[TASK MATERIAL]

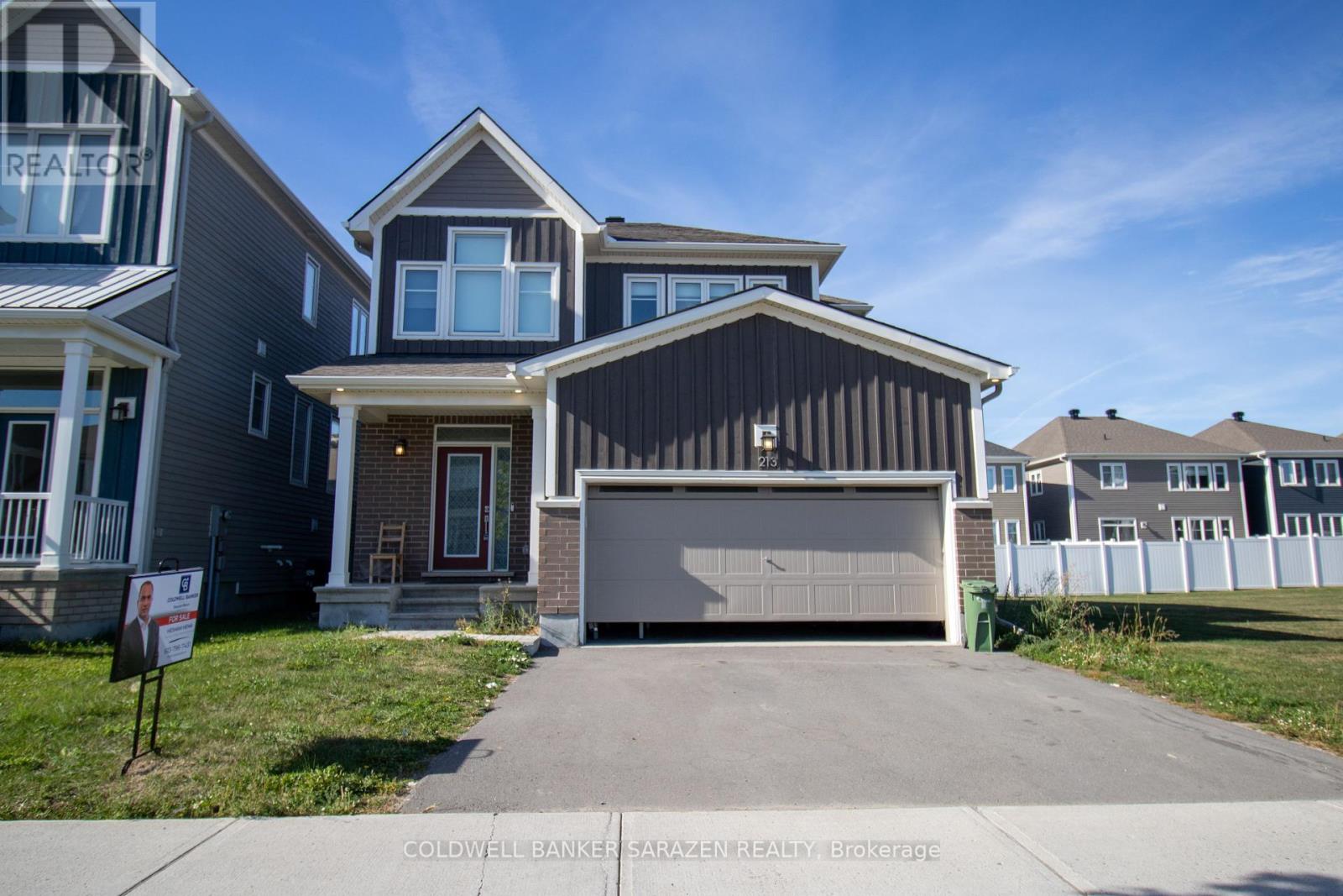 Welcome to 213 Meynell Rd in Richmond Meadows family-friendly Fox Run community. This 2021-built modern single-family home offers 4 bedrooms, 3 full baths + powder room, a bright open-concept living/dining area with large windows. The chef-inspired kitchen features a large island, granite counters, custom pantry, chimney hood, stainless steel appliances, and garden doors leading to the backyard. Upstairs offers bright bedrooms, while the fully finished basement includes a cozy 3-piece bath with stand-up massage shower. Extra features include a fully insulated garage with 40Amp EV outlet (keeps upstairs warm in winter), duct line for future solar panels (ideal southern exposure), soffit lighting for curb appeal, and doorbell camera. Enjoy nearby parks, pond trails, local shops, dining, and easy access to Kanata & Barrhaven. (id:58075)
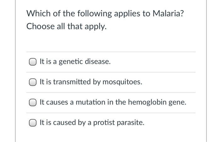 Solved Which Of The Following Applies To Sickle Cell Anemia Chegg Com
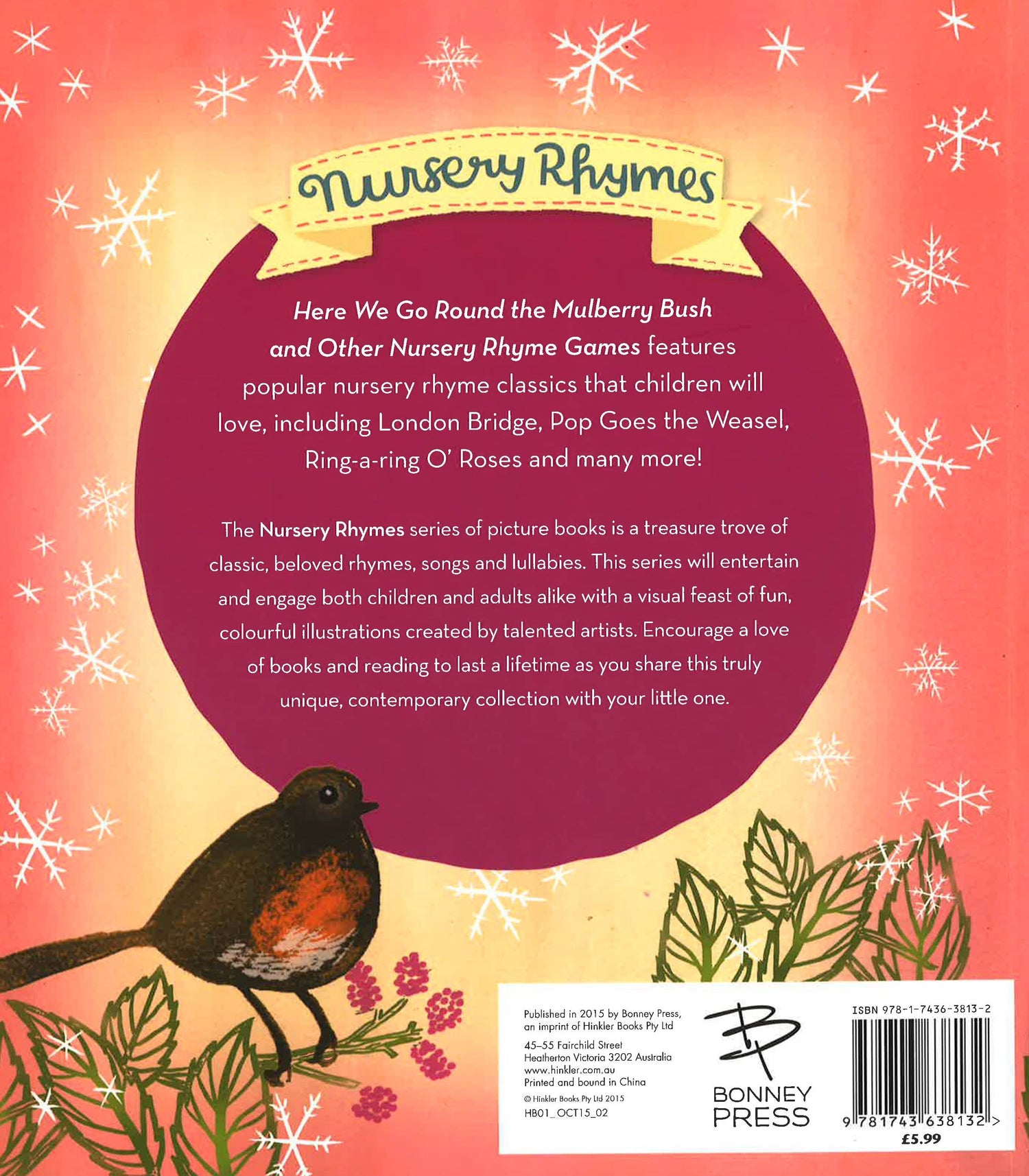Discover this new Bonney Press series of six themed nursery rhyme picture books, featuring a huge range of fun, contemporary illustrations. These bright and colourful books will engage both parents and children, with a variety of art styles and best-loved nursery rhymes creating a collection that is truly unique. This series features classic nursery songs, favourite animal rhymes, fun progressive counting rhymes, traditional action rhymes and playground games, and cherished lullabies.
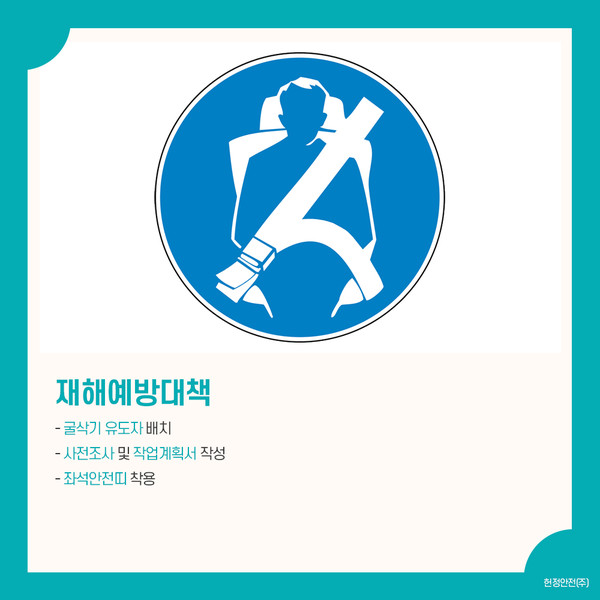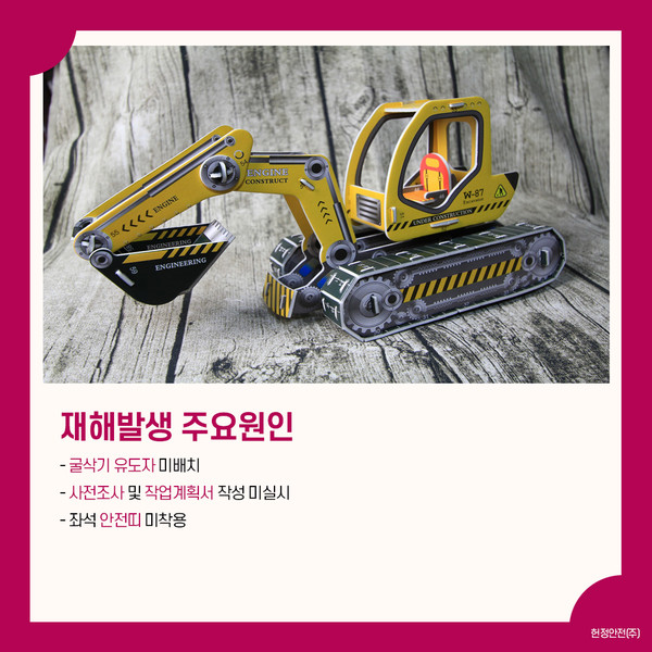 - 좌석 안전띠를 미착용하여 굴착기 궤도가 이동식 발판을 이탈하여 전복되는 순간 좌석에서 뛰어내려 굴착기 본체에 깔리는 재해를 초래하였습니다.
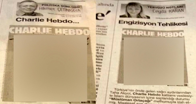 Cumhuriyet Gazetesi yazarları Hikmet Çetinkaya ve Ceyda Karan'ın 14 Ocak tarihli köşe yazılarında, Fransa'da faaliyet gösteren "Charlie Hebdo" Dergisi'nde yayımlanan Hz. Muhammed'e ait olduğu iddia edilen, karikatüre yer vermeleri nedeniyle açılan davanın görülmesine devam edildi.
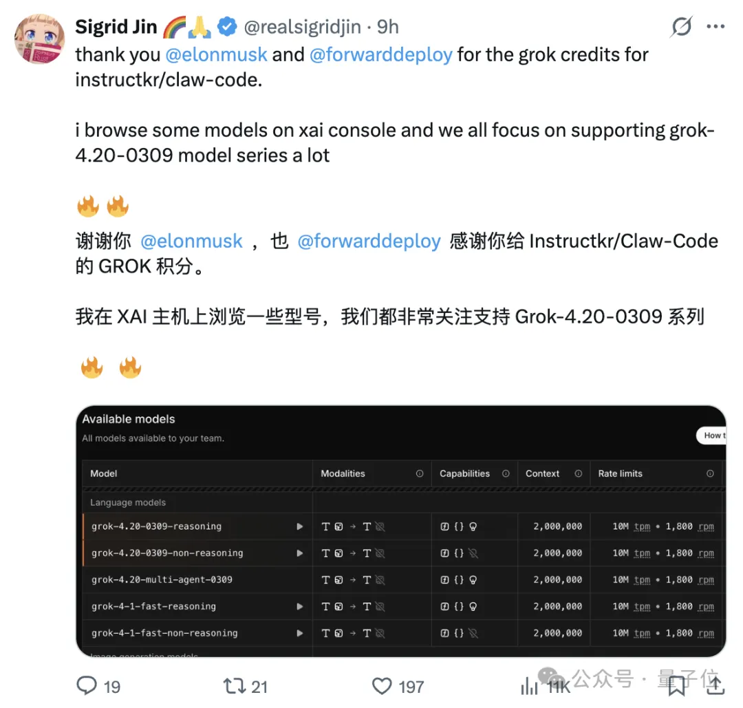 Jin专门发帖感谢马斯克,说xAI给他送了不少Grok积分,这对Claw Code的重写帮了大忙。

[/TASK MATERIAL]

- **WHAT YOU WILL DO**: Every entry above needs to be copied exactly, and no pictures go with it.

- **ANSWER**:
 Welcome to 213 Meynell Rd in Richmond Meadows family-friendly Fox Run community. This 2021-built modern single-family home offers 4 bedrooms, 3 full baths + powder room, a bright open-concept living/dining area with large windows. The chef-inspired kitchen features a large island, granite counters, custom pantry, chimney hood, stainless steel appliances, and garden doors leading to the backyard. Upstairs offers bright bedrooms, while the fully finished basement includes a cozy 3-piece bath with stand-up massage shower. Extra features include a fully insulated garage with 40Amp EV outlet (keeps upstairs warm in winter), duct line for future solar panels (ideal southern exposure), soffit lighting for curb appeal, and doorbell camera. Enjoy nearby parks, pond trails, local shops, dining, and easy access to Kanata & Barrhaven. (id:58075)
 Solved Which Of The Following Applies To Sickle Cell Anemia Chegg Com
Discover this new Bonney Press series of six themed nursery rhyme picture books, featuring a huge range of fun, contemporary illustrations. These bright and colourful books will engage both parents and children, with a variety of art styles and best-loved nursery rhymes creating a collection that is truly unique. This series features classic nursery songs, favourite animal rhymes, fun progressive counting rhymes, traditional action rhymes and playground games, and cherished lullabies.
 - 좌석 안전띠를 미착용하여 굴착기 궤도가 이동식 발판을 이탈하여 전복되는 순간 좌석에서 뛰어내려 굴착기 본체에 깔리는 재해를 초래하였습니다.
 Cumhuriyet Gazetesi yazarları Hikmet Çetinkaya ve Ceyda Karan'ın 14 Ocak tarihli köşe yazılarında, Fransa'da faaliyet gösteren "Charlie Hebdo" Dergisi'nde yayımlanan Hz. Muhammed'e ait olduğu iddia edilen, karikatüre yer vermeleri nedeniyle açılan davanın görülmesine devam edildi.
 Jin专门发帖感谢马斯克,说xAI给他送了不少Grok积分,这对Claw Code的重写帮了大忙。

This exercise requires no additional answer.